Self-publishing book review of the week

Staring Into the SUn
Staring Into the Sun
Joshua Fields (2010) ISBN 9781432759537
Reviewed by Joseph Yurt for Reader Views (09/10)

As is my habit with any new book I pick up for the first time, I peruse the front cover, then the back cover. In this instance, the book in hand was “Staring Into the Sun,” a collection of poetry written by Joshua Fields. The minimalist copy on the back cover proclaims that “Inside is a compilation of his life’s experiences and insights.” Since this small, slender collection of work is only thirty-nine pages, I’ve concluded that each reader must decide whether this proclamation is genuine, tongue in cheek, or both.

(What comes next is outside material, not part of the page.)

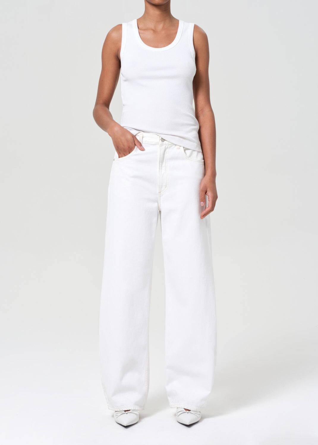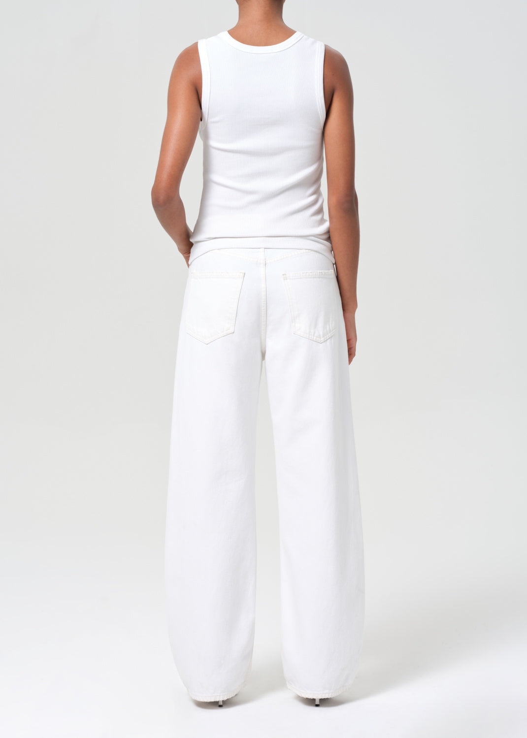 Agolde Low Curve Jean in Milkshake. An updated twist on the barrel leg trend. This fit offers a comfortable and easy top block with a mid-rise waist. The sleek, low curved out seam gently tapers down to the ankle for a subtle yet sophisticated look.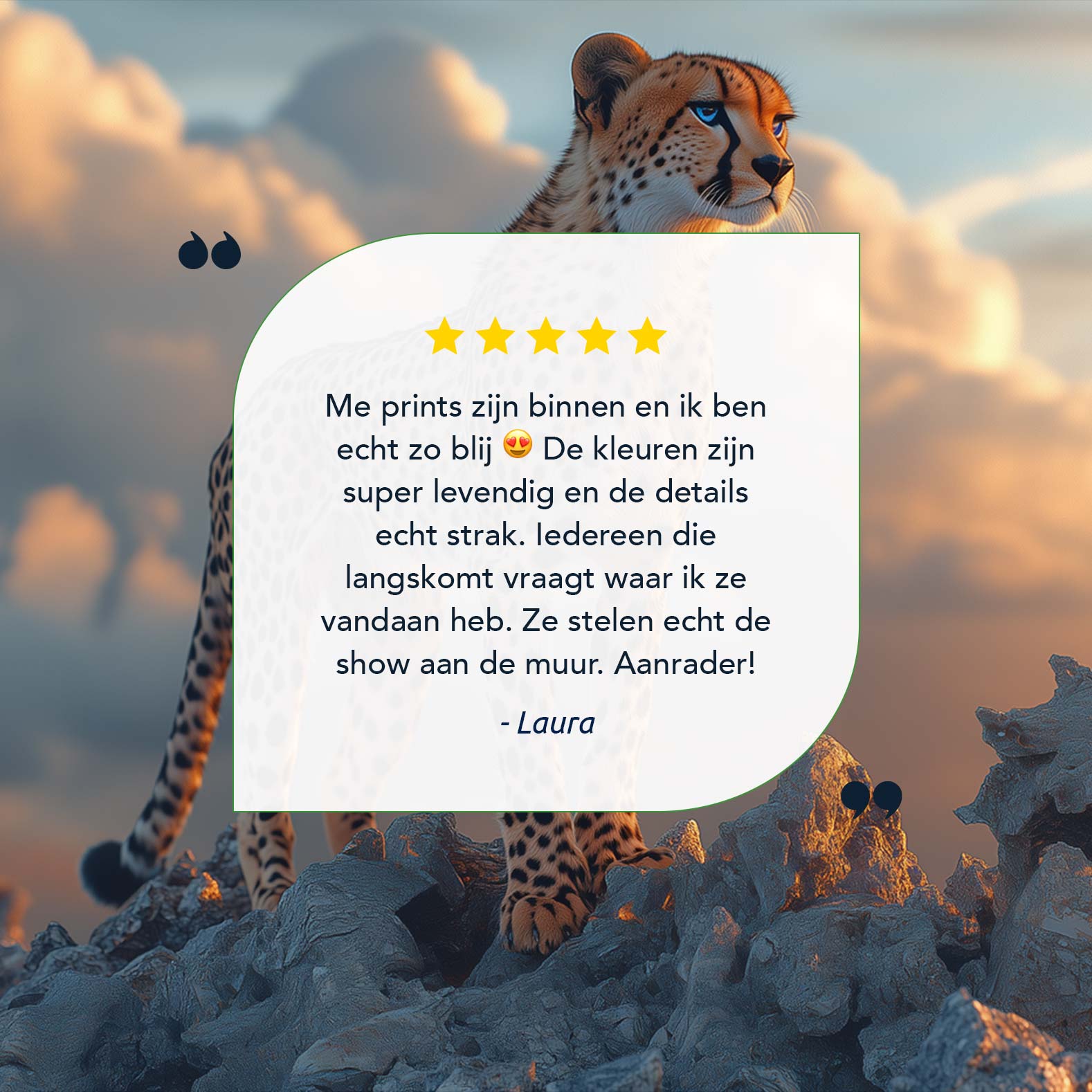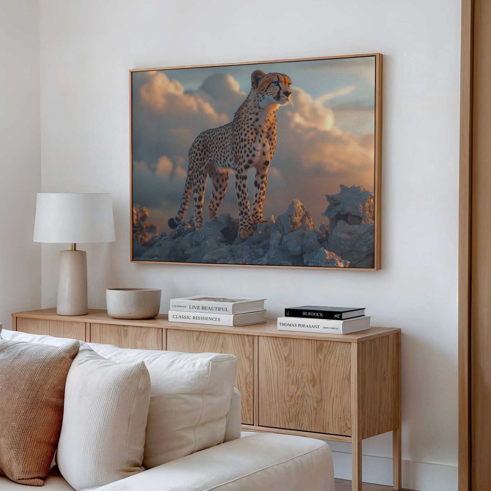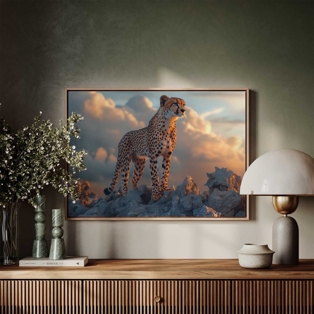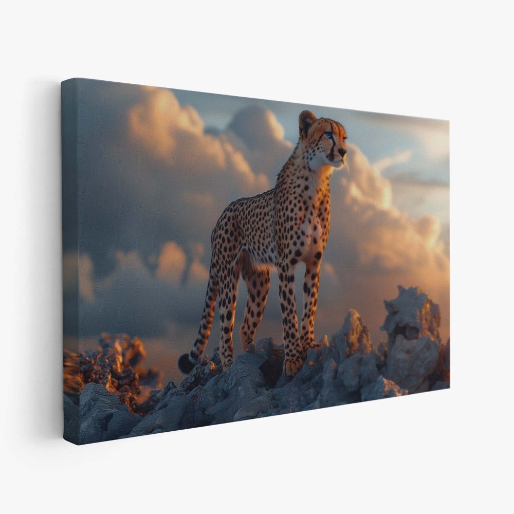 Terug naar collectie / Schilderijen / Bergen Schilderij / Majestueuze cheeta op rots

Collectively, the free-form pieces are part of the author’s personal celebration of “life’s greatest gift – love.” Stylistically, Fields melds cryptic dialogue with coffee house cadence in thirty-nine pieces that recollect, recount and reflect on his relationship over time with the love of his life. From the piece entitled “Attraction,” he writes,

“You say goodbye and I say hello
Don’t know why you…
No, I really want to know
Because I’m a woman and you’re a man

At times, infuriates” From another piece, “The Newborn,” he pens,

“Look at the size of her head
That’s our daughter you’re talking about
Like a bowling ball
She’ll grow into it
I’m so proud Me too
Has your eyes
And your bald scalp”

While some of Fields’ insights seem a bit stereotypical, overall, there is an appealing, amusing universality in much of what he writes. “Staring Into the Sun” is somewhat like reading a personal blog about love relationships. I recommend it if you are seeking yet another voice and perspective in the never-ending discussion of the differences between men and women in love. It is not recommended if you are looking for fresh, new dialogue on the subject.